The study enrolled 1,795 people with early Alzheimer’s disease from around the globe. Participants received the drug (or matching placebo) via i.v. infusion once every two weeks (biweekly). Special focus was placed on recruiting participants from traditionally underrepresented groups, resulting in 25% of U.S. enrollment from minority communities. Due to this recruitment and enrollment strategy, the study’s population closely mirrors today’s Medicare enrollment. 

“This is a major foundational step forward that provides robust, consistent and high-grade data from a well-designed, well-powered, and well-implemented clinical trial,” said Dr. Atri.  

Dr.

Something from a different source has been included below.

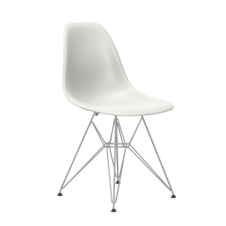 VITRA chaise Eames Plastic Side Chair DSR NOUVELLES DIMENSIONS (Cotton white RE - Acier chromé / Polypropylène)

Atri added that the 27% relative slowing of progression over 18 months is a meaningful benefit that on average translates to about five months "gain" in time over 18 months, delaying symptoms and loss of independence in a person living with early-stage Alzheimer's. Over longer periods of treatment, and with greater sustained reduction of amyloid plaques, the benefits may potentially increase further. 

The next step is the presentation of full clinical data from the trial at the annual Clinical Trials on Alzheimer’s Disease conference in late 2022. Eisai and Biogen then plan to apply for drug approval from the FDA in the United States. Many experts expect that, if approved, lecanemab may become available to patients in 2023 or 2024. 
 
This latest discovery represents one more positive step toward identifying treatment and prevention strategies for Alzheimer’s and hope for the 55 million people and their families living with the disease.